- ASSIGNMENT -
Using the listing below, please print exactly the lines from the one with "The vRS Estate" through the one with "Vodeći se ovom". Leave out every picture.

- GIVEN RECORDS -
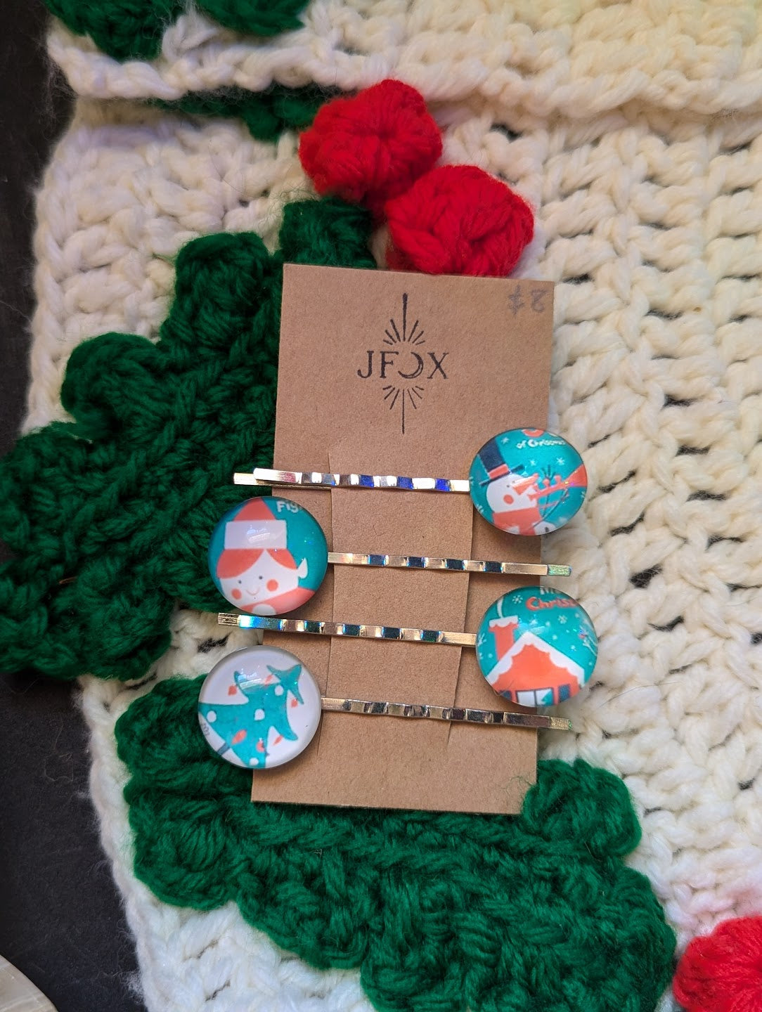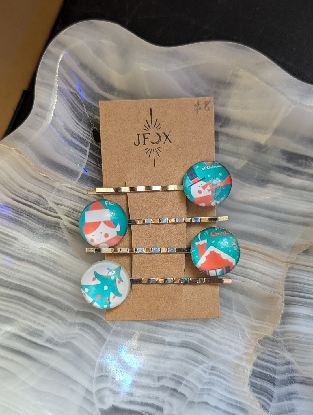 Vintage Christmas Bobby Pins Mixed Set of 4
==
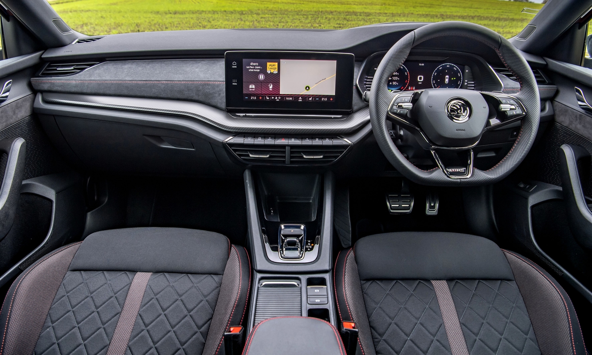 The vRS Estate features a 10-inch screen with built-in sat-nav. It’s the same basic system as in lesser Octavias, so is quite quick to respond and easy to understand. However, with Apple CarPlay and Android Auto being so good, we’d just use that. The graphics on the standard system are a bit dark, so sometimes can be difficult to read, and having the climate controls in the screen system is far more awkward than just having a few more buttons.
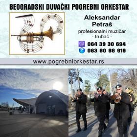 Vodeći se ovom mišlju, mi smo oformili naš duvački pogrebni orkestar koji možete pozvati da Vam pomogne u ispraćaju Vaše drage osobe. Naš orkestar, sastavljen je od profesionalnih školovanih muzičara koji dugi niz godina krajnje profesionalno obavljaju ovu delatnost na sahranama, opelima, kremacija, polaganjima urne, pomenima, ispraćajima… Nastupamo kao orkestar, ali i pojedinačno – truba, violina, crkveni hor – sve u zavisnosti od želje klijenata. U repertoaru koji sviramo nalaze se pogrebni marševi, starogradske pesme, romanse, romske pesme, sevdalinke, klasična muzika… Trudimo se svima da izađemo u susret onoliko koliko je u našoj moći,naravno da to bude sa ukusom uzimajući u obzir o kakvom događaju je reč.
==
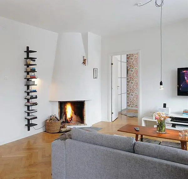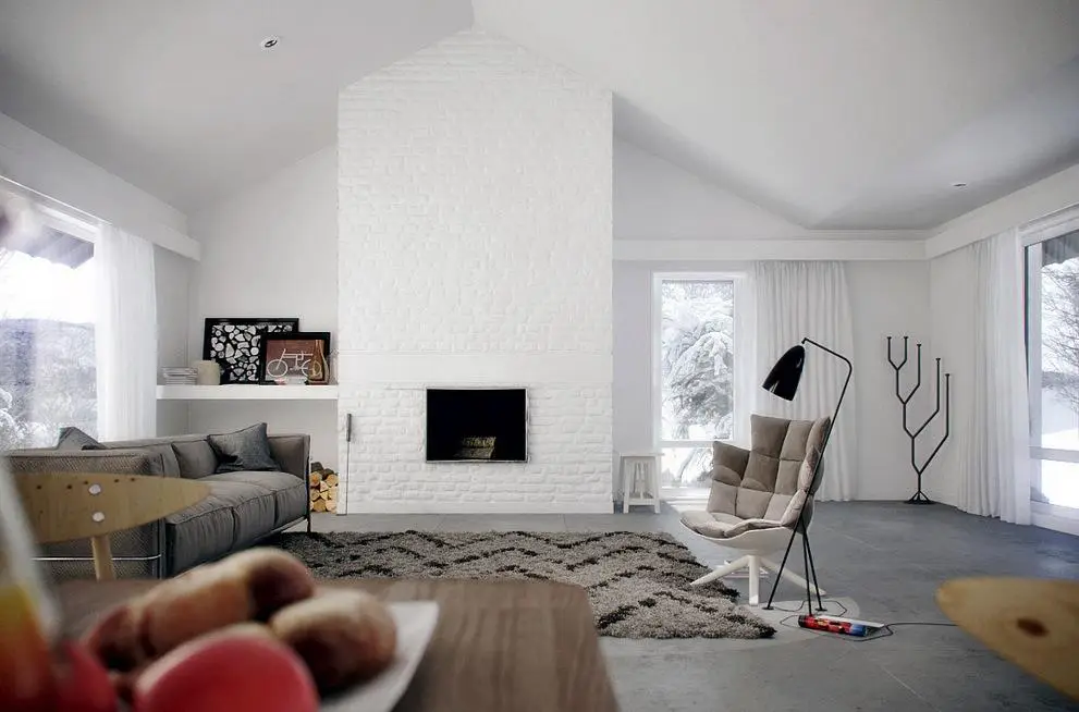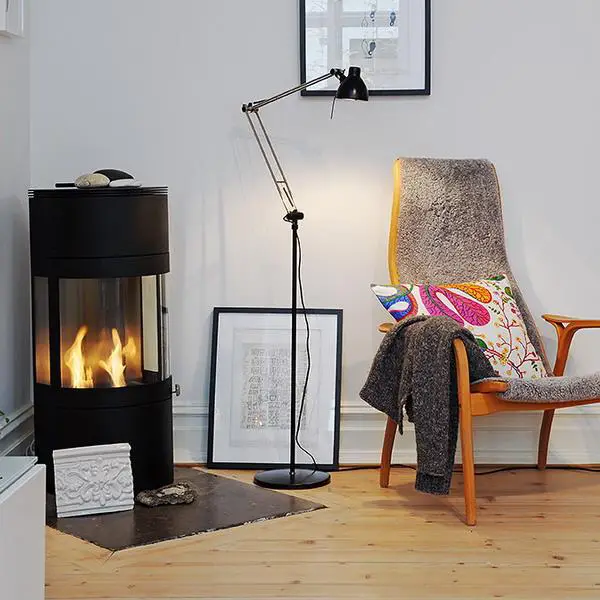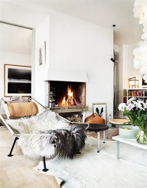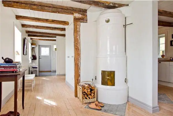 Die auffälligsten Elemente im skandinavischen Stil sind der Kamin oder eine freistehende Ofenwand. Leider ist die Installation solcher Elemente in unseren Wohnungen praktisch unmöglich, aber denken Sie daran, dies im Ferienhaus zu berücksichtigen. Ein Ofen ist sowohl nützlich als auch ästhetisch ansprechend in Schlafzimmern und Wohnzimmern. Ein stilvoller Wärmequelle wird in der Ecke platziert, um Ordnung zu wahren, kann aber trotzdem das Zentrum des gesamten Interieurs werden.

- COMPLETED EXERCISE -
 The vRS Estate features a 10-inch screen with built-in sat-nav. It’s the same basic system as in lesser Octavias, so is quite quick to respond and easy to understand. However, with Apple CarPlay and Android Auto being so good, we’d just use that. The graphics on the standard system are a bit dark, so sometimes can be difficult to read, and having the climate controls in the screen system is far more awkward than just having a few more buttons.
 Vodeći se ovom mišlju, mi smo oformili naš duvački pogrebni orkestar koji možete pozvati da Vam pomogne u ispraćaju Vaše drage osobe. Naš orkestar, sastavljen je od profesionalnih školovanih muzičara koji dugi niz godina krajnje profesionalno obavljaju ovu delatnost na sahranama, opelima, kremacija, polaganjima urne, pomenima, ispraćajima… Nastupamo kao orkestar, ali i pojedinačno – truba, violina, crkveni hor – sve u zavisnosti od želje klijenata. U repertoaru koji sviramo nalaze se pogrebni marševi, starogradske pesme, romanse, romske pesme, sevdalinke, klasična muzika… Trudimo se svima da izađemo u susret onoliko koliko je u našoj moći,naravno da to bude sa ukusom uzimajući u obzir o kakvom događaju je reč.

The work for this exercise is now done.